O humanismo na era da tecnologia – Boletim nº 153 – maio 2017

Não é novidade que vivemos uma época tecnológica. Se isto, por um lado, traz progresso, conforto, bem-estar, por outro nos joga na platitude do comodismo. A sociedade tornou-se utilitária e imediatista – tudo tem que dar resultado agora. E somos jogados numa voragem de consumo, cujo fruto mais visível é o vazio, a existência sem sentido. Perdemos o traço que nos tornou racionais, ou seja, deixamos de ser o home-faber- o homem que faz. Por isto, é urgente uma reação de nossa parte: recuperar o fazer.

Nós que chegamos à terceira idade, com filhos criados, deveres profissionais cumpridos, atingimos o paraíso da aposentadoria, época excelente para o fazer. Fazer o quê? Em especial, cuidar de nossa mente. No exercício contínuo do trabalho, talvez tenhamos ficado um tanto embrutecidos, cegos para a grandeza da vida.

É hora de reverter o jogo. Mais do que nunca, agora somos donos de nós mesmos e do tempo e merecemos nos tratar bem. De que forma? Ouvindo boa música (erudita, jazz, MPB), assistindo a grandes filmes, contemplando as pinturas que os grandes mestres nos legaram e, em especial, lendo as obras-primas da humanidade.

Está comprovado que a leitura rejuvenesce o cérebro. Com a leitura, ativamos nossas sinapses e tal fato remoça a mente. Não basta ler revistas, jornais, obras técnicas. É necessário mergulhar na literatura. Por quê? A literatura explica o inexplicável, a literatura organiza o caos do mundo, este mesmo mundo que é um grande teatro. Os escritores de ponta nos mostram os bastidores destas cenas, aprofundam nossa compreensão de nós mesmos e do outro. Com um bom livro, desenvolvemos a inteligência, a sensibilidade, a intuição, grandes armas para uma vida longa, produtiva, recheada de criatividade.
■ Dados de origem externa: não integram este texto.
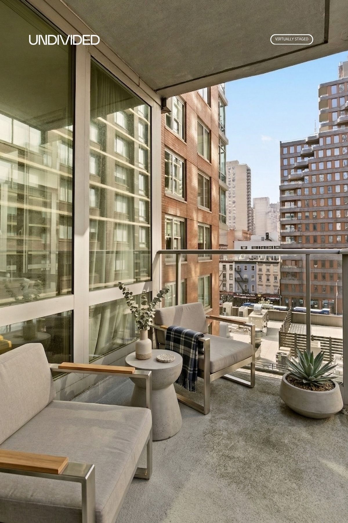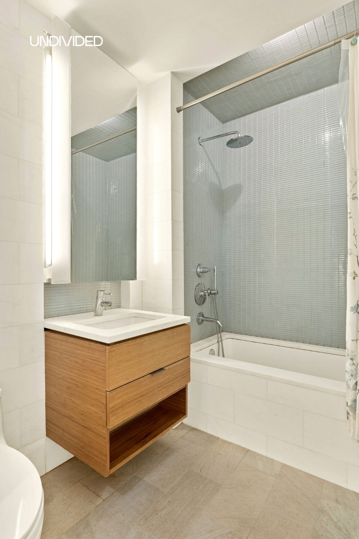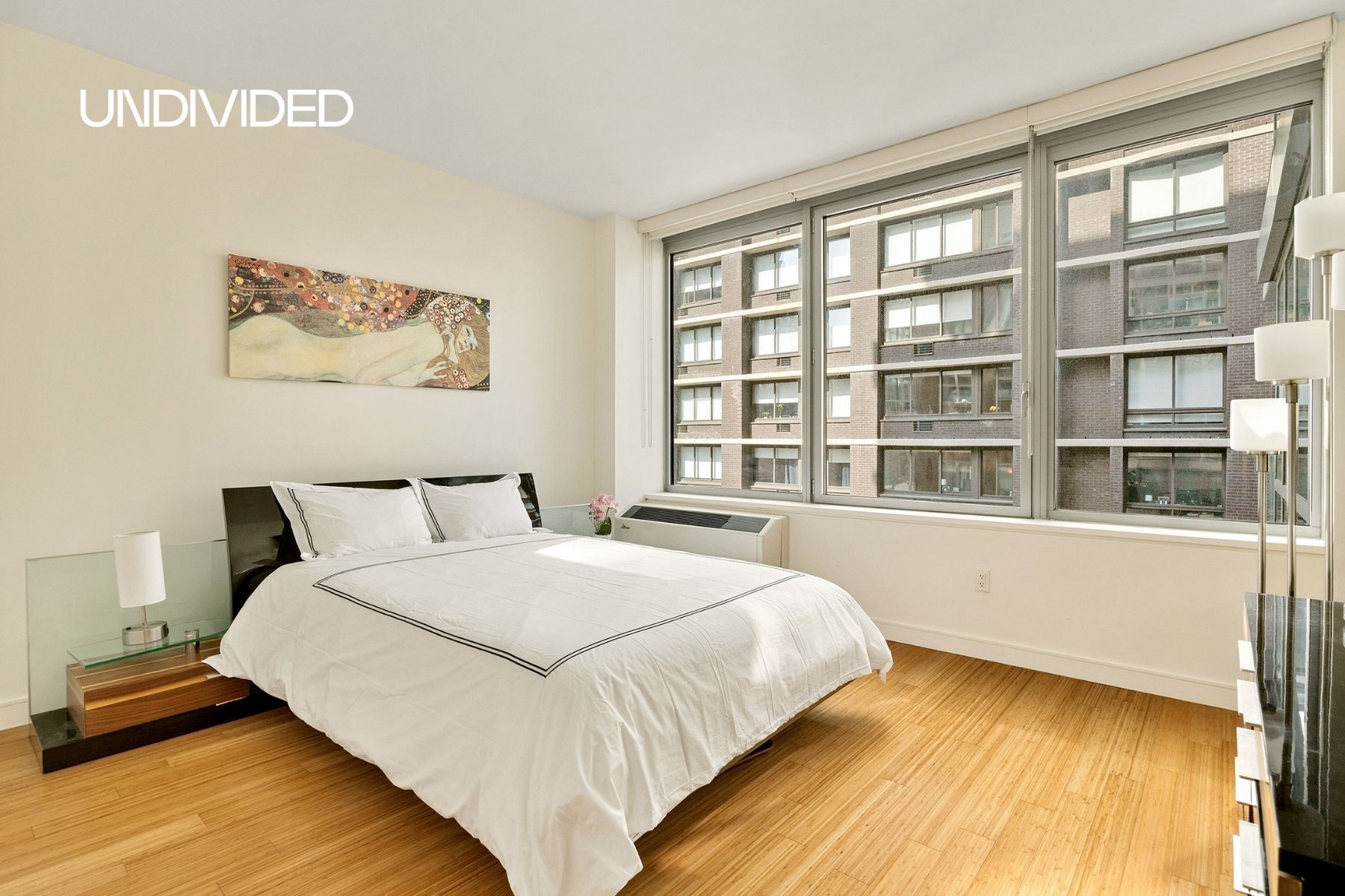 Welcome to Unit 6A, a pristine 886 square foot corner one-bedroom that has been owned for 15 years but used only sparingly, it truly lives like a brand-new apartment. This rare opportunity to own a virtually untouched home is complemented by north and west-facing exposures and floor-to-ceiling windows that flood the space with natural light. The separate kitchen and dining room embrace sleek modern aesthetics of the highest quality, featuring state-of-the-art Bosch appliances. The contemporary living space includes climate control heat and A/C, bamboo floors, kitchen custom cabinetry, glass countertops, and an energy-efficient Bosch stackable washer/dryer, all in like-new condition. The bathroom interiors feature Bianco Dolomiti marble walls, sparkling quartzite tile floors, beautiful glass mosaic tiles, and Kohler and Grohe fixtures. A private storage cage in the basement is included in the sale. All furniture is available for negotiation. Residents of 303 E 33rd gain exclusive access to amenities that include a 24-hour concierge, resident lounge, and an entertainment area. Enjoy the serenity of the exterior garden courtyard showcasing a working fireplace. In the basement is a bike room, a separate private storage room, a fitness room, and a laundry room. The crown jewel is the 5,000 SF rooftop garden on the 12th floor, perfect for lounging on the sun deck and catching views of the East River, complete with a barbecue grill and mini-golf area. Perched at the junction of Kips Bay and Murray Hill, 303 East 33rd is one block from NYU Langone, with Bellevue and the VA Medical Center moments away, as well as the 6 train, Grand Central, Midtown Tunnel, and FDR Drive, ideal for getting anywhere in or out of the city with ease. Just moments from Trader Joe's, Fairway, AMC Kips Bay, and the area's best restaurants and cafes, this home offers the best of Manhattan living with a sustainable edge.

A arte, em geral, e a literatura, em particular, duplicam nossa capacidade de viver de modo digno. As obras de imensa qualidade são poderosas mediadoras entre diferentes culturas, função primordial hoje em dia, quando tabus e preconceitos infelicitam tantas pessoas, são causa de tanta estupides que estamos cansados de ver.

Na época de ouro de nossa vida, precisamos nos reservar o direito ao silêncio e, no silêncio, dedicar algumas horas à leitura longa, quando entramos nos livros e lhe damos significados, completamos as lacunas deixadas de propósito pelo escritor.

Ler é afiar a mente, recuperar o domínio da língua, manter a saúde de um cérebro em atividade. Ler humaniza o homem e recria a utopia porque, sem esta, nos tornamos manada conduzida pela publicidade, pelas telinhas onipresentes e nem temos ferramentas para distinguir o joio do trigo na atuante internet e nos atirar num redemoinho em que já não pensamos mais.

Neste contexto, é de fundamental importância que a educação emocional seja parte integrante do amadurecimento da pessoa. Igualmente importante a educação para a saúde, o conhecimento do corpo e da mente.

Saber é saber-se limitado, mas também saber que tais limites são elásticos e podemos alcançar muito, desde que a educação seja permanente como projeto de vida e não apenas alguns anos dedicados à busca de um diploma.

Arthur Pereira Oliveira Filho, educador e conferencista e Paulo Venturelli, professor e escritor.